AIM OF THE EXERCISE: From the data that follows, report the number of lines including "Each", and only that number.

■ ■ ■ ■ ■

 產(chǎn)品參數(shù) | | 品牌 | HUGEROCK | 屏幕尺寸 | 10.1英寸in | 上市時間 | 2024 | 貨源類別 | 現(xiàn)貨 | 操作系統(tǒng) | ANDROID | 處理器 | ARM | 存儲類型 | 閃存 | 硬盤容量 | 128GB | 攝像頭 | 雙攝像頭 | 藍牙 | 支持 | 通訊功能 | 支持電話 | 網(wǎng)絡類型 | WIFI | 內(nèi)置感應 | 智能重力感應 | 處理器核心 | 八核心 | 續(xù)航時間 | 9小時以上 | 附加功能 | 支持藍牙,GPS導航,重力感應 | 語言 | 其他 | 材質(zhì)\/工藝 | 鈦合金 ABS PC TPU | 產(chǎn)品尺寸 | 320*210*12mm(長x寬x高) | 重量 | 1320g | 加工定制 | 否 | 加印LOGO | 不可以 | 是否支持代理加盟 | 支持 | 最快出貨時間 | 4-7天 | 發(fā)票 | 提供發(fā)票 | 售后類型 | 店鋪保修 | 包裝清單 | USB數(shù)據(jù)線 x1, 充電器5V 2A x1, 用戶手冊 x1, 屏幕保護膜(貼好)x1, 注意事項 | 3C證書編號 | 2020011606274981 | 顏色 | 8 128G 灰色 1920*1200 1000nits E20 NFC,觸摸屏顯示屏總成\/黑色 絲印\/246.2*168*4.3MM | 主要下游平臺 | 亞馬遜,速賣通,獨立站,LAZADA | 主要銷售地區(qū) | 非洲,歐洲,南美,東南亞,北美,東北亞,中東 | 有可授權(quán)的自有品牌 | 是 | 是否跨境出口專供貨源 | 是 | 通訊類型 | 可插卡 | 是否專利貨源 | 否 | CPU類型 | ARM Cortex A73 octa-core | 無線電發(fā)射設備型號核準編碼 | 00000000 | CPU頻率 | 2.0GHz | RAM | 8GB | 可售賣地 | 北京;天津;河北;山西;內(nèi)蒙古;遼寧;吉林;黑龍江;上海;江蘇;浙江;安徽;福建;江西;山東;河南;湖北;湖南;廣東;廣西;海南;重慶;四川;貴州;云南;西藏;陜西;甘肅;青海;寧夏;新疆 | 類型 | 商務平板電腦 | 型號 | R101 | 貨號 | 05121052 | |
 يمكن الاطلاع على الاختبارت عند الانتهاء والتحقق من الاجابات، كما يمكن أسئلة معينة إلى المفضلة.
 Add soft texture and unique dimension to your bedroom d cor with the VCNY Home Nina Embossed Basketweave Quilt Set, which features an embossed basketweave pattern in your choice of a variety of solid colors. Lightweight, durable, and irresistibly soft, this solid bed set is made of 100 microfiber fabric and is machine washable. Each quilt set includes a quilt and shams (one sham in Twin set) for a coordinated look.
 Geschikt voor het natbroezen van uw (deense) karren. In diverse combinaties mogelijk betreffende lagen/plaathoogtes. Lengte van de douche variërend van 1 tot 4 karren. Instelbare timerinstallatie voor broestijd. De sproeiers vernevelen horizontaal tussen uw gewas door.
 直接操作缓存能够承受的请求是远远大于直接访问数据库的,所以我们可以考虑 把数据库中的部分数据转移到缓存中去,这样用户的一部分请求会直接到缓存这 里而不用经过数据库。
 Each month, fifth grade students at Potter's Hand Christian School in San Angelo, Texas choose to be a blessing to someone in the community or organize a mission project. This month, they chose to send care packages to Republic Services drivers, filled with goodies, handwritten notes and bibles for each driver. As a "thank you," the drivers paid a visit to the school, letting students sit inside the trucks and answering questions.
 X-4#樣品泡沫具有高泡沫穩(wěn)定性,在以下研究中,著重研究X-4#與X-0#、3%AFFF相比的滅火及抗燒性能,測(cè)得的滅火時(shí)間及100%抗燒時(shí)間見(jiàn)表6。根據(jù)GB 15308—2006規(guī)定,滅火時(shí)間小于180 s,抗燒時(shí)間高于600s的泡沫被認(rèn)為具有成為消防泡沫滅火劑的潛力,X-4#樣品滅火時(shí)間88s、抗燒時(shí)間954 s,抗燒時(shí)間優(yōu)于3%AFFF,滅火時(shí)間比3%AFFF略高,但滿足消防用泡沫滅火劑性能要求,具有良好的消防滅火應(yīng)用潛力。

■ ■ ■ ■ ■

RESPONSE: 2